# Constant egg laying...



## phillychad (Jan 24, 2007)

Hello, I have an all white pigeon who has been our indoor pal since she was a little bird. A friend brought her to us and she has been here ever since. She is about 2 years old, maybe a little older. 

Here is my problem. She has been laying eggs for a long time... I would guess this last one to be maybe the 8th or 9th egg so far. The problem is something always happens to the eggs. I was on this board about a year ago and it was suggested to me that I either replace them with dummy eggs or hard boil the ones she layed. Well we tried the dummy eggs and we must have done something wrong because she never took to them. Also the hard boiling method never seemed to work right. Anyway, Once again she was acting strange all week so we figured she was about to lay another one so we set her up with a sort of nest. Long story short, we just came home to a broken egg on the floor! We were determined to watch this egg carefully so she would be able to keep it until she got bored of it. She won't stop laying eggs and I figure it's due to the constant breaking of her old ones. Obviously this can't be good for her, can it? So what do we do? I want her to be healthy... At a loss for what else to do I just hard boiled a chicken egg and set it real low in her nest and I am watching to see if she will take to it. Please help me as I want to do right by this bird, She is our buddy. In case I haven't made it clear, she has never been around a male bird so all of these eggs are infertile. She is on a seed diet, we give her grit and fresh water daily. She is not in a cage and has the run of the house. What about letting her fly outside? Is this a good idea? We just moved here a few months ago. So this is new to her. Please, any help will greatly be appreciated! Thank you! Philly Chad


----------



## Skyeking (Jan 17, 2003)

Have you tried the plastic dummy eggs, do you replace them where she laid the egg, because if you move the egg somewhere else, she will give it up?

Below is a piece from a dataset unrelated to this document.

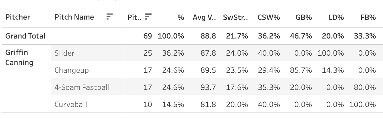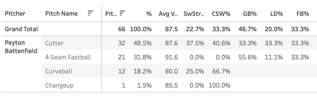 Peyton Battenfield, on the other hand, had a 23.5% SwStr%! Griffin Canning had a mark of 21.7%! Remember Griffin Canning? Guy was a legit pitching prospect back in 2019 but has struggled in the Majors in a short sample and missed all of last year recovering from TJ. Keep an eye on that man!

The egg laying does slow down when they are brooding, but that just delays it until they grow tired of the dummy eggs. Yes, it is not good for pigeons to constantly lay eggs as it depletes their calcium reserves and also just plain weats them out.

She is laying eggs because she has bonded or "fallen in love" with someone or something. 
If you are petting her on the back, that may be an instigater. That seems to stimulate egg production. You can pet her around the neck area, but not the back, this worked with my hen Mieke, who was laying eggs, she stopped laying so much.


----------



## Birdmom4ever (Jan 14, 2003)

If you haven't already, try a different type of dummy egg. I found that some of my hens were smart enough to know that wooden or hollow plastic eggs were not the real thing. I switched to weighted plastic eggs and they take to those better. Check Foys or Global--I believe they both sell several types.


----------



## TAWhatley (Mar 6, 2001)

phillychad said:


> What about letting her fly outside? Is this a good idea? We just moved here a few months ago. So this is new to her. Please, any help will greatly be appreciated! Thank you! Philly Chad


Letting her free fly outside is an extremely poor idea, in my opinion. Being all white, she is an easy target for predators, and since you have recently moved to your current location she could become lost if she gets spooked and takes off. 

Terry


----------



## pigeon poop (May 21, 2007)

hi
i had kind of the same proberlem once. I have a white ringneck dove (lilly) and she was paired up with a mate (also white-Gracy). she would continuosly lay eggs but in the wrong seasons. Instead of Spring she layed in Winter or Summer and sometimes Autumn. so i had to chuck the eggs out (once they were layed of course, so there weren't any babies yet). then one Spring day i was like 'ok lilly lets see what you got' so i let her sit on a clutch of eggs. Sure enough she sat on them and continued to do so....only they didn't end up hatching as they were duds (don't worry i was 100% sure before they were chucked). Well then she was back to laying throughout the seasons and one day in Winter i was fed up with her. i said to myself 'if she wants to lay in Winter so be it!  ) so i let her. i know, i know kinda bad to let her raise her young in Winter. Then sure enough, 3 weeks later, they hatched. My mum kept on telling me to not get my hopes up as it was her first time in winter and anything could go wrong. But she did it  !! The two white babies are alive and well (very fat and healthy). they have their feathers now and are learning how to fly. 

so i guess the question is are your eggs fertile or not? if they are let her hatch them out.


----------



## phillychad (Jan 24, 2007)

She is sitting on the hard boiled chicken egg... Should I just leave her be? No, there are no males near her so the eggs are infetel. I always pet her down the back...you think this could be making her lay more?


----------



## feralpigeon (Feb 14, 2005)

I'll second the thought that it wouldn't be a good idea to give free flight
outside, inside...fine, or in an aviary w/a small 'safe' room where you can enter and close the door behind you, then enter the aviary w/out worry of a bird
flying past you to what they think is freedom but w/many pit falls and tradgedies for pets not in a flock situation. The flock will warn each other
of dangers and a single bird that has been a pet just won't have the same
"radar" in place for the dangers in the wild. 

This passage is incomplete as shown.